Three generations consisting of five people now needed food. Ruan Wenping had to stop going to school to work the family’s farm. Every day, he limped along, leading his blind father to work in the field. The father and son hoed and raked the stony soil. The father dug and the son sowed. The father covered the seeds and the son spread the manure. Every day, they left home early in the morning and came back late at night, whether in rain or wind. The two disabled men toiled in the field, sowing in spring and ploughing in summer, just like the other farmers. They made a living by relying on that field. None of the family calculated how much work the father and son had done that year, nor weighed how much they had harvested from their field. 

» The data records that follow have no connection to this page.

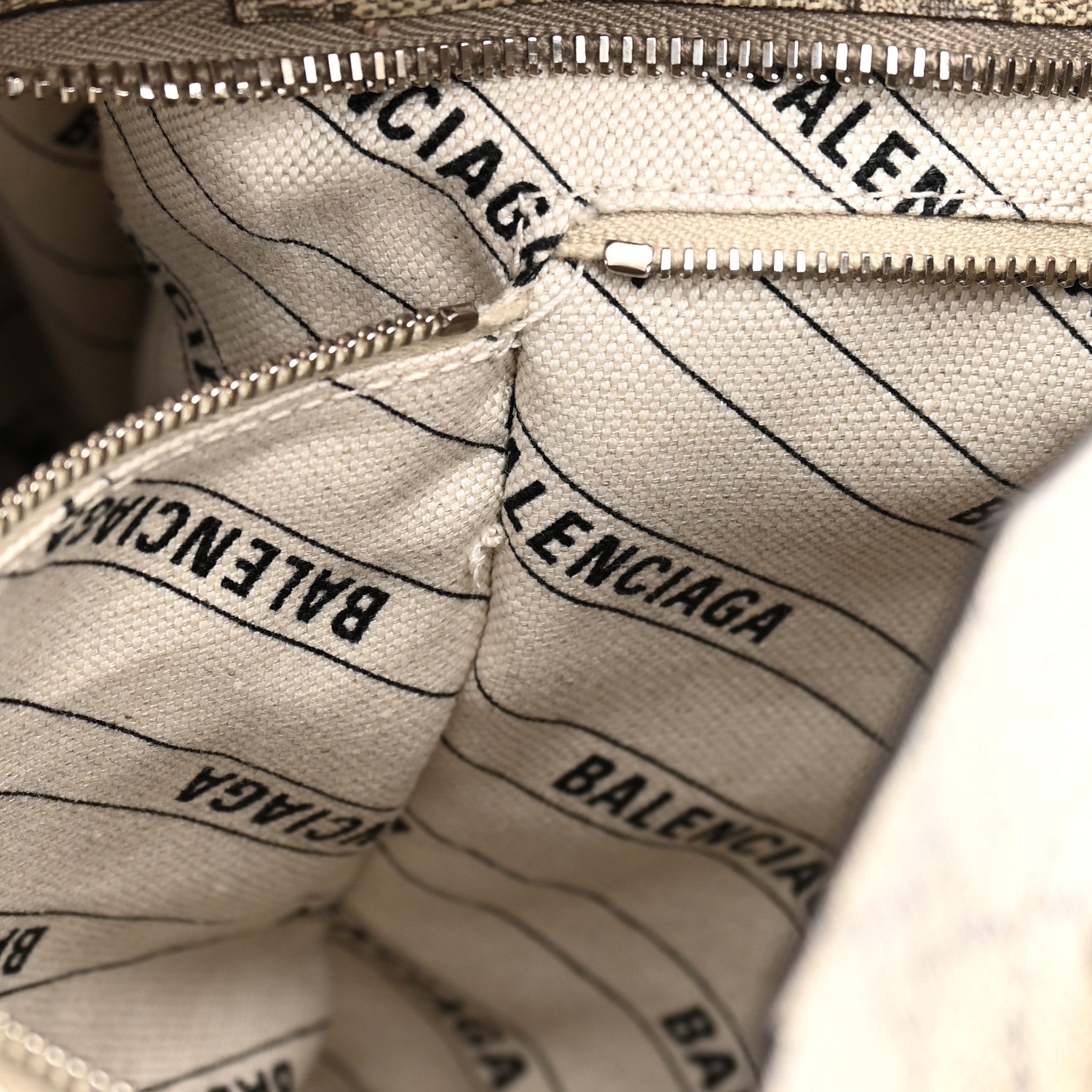 This is an authentic BALENCIAGA X GUCCI GG Supreme Monogram Neo Classic Silver Hardware City in Beige and Ebony. This stylish handbag is beautifully crafted with the Gucci monogram on coated canvas. It features top handles and an optional shoulder strap. This bag also features silver hardware and a zip pocket at the front for the removable mirror. The top zippers open to a beige Balenciaga monogrammed canvas interior with zipper and patch pockets.Follow this item for alerts. Balenciaga is a registered trademark of Balenciaga. FASHIONPHILE is not affiliated with Balenciaga.
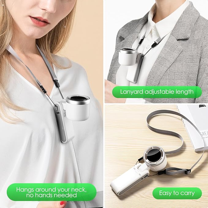 - 【180°Adjustable and Anti-loss Lanyard】Mini foldable desk fan can be foldable180° to fit any Angle. The neck fan comes with an Anti-loss lanyard that you can hang around your neck for hands-free cooling during outdoor activities or keep it on your desk to keep you focused while studying/working. Its innovative design allows handheld use, desktop placement, or wearing around the neck, providing a 3-in-1 solution to defeat heat
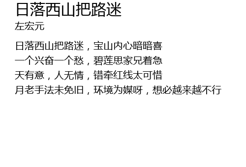 | [00:08.820] | rì luò xī shān bǎ lù mí, bǎo shān nèi xīn àn àn xǐ |
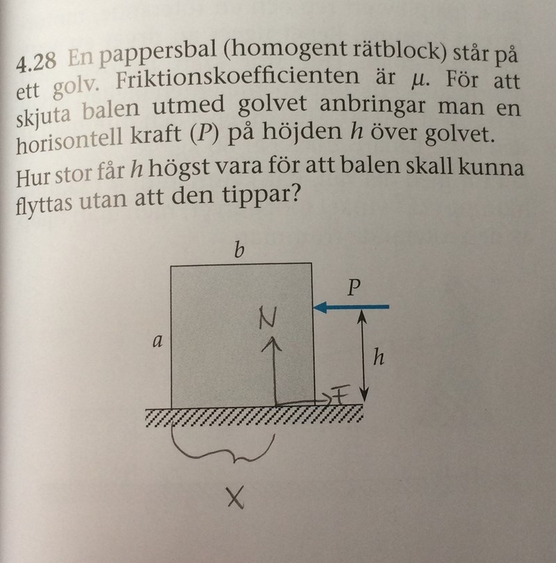 När pappersbalen precis börjar tippa kommer den rotera runt x=0, det innebär att endast vänstra hörnet har kontakt med markytan och normalkraften i hörnet balanserar hela vikten. Det andra hörnet av balen lättar och där måste kontaktkraften mellan markytan och balen gå mot 0.

But, Father Ruan couldn’t keep back his tears. He decided to lease the family’s land to allow his son to return to school! Ruan valued greatly the hard-earned opportunity to learn and he studied exceptionally hard. After primary school, he entered middle school with excellent marks. In each of the three years of junior middle school he was selected as a student of top merit. He joined the Youth League as well. With the help of the school, teachers, and classmates, and with financial assistance from the civil affairs department, he finished junior middle school. He not only acquired knowledge, but grew a grateful heart. He did well in the entrance examination for higher learning, and the results he earned qualified him for a key senior middle school or technical secondary school. He became the best student at his school. However, finances constrained him once more, and he missed the chance to go to a secondary medical school in Sichuan.

Ruan Wenping is both an unfortunate and a fortunate man. After junior middle school, he earned an exceptional appointment to work as a temporary substitute teacher by Mr. Lei Zhaoxing, Office Director of Xiajia Township Education Committee. His life was thus fundamentally changed.

Ruan Wenping said, “I am handicapped in both legs and this is an unfair fate for me. But I will blame neither fate nor other people. As a disabled man, I am not embracing ambition, but seek to live a happy life every day. Subjectively, I don’t want to be a burden to my father or brothers, and hope to be able to support myself with my own hard work. Objectively, I don’t want to be a burden on society and want to make a modest contribution with my own efforts.”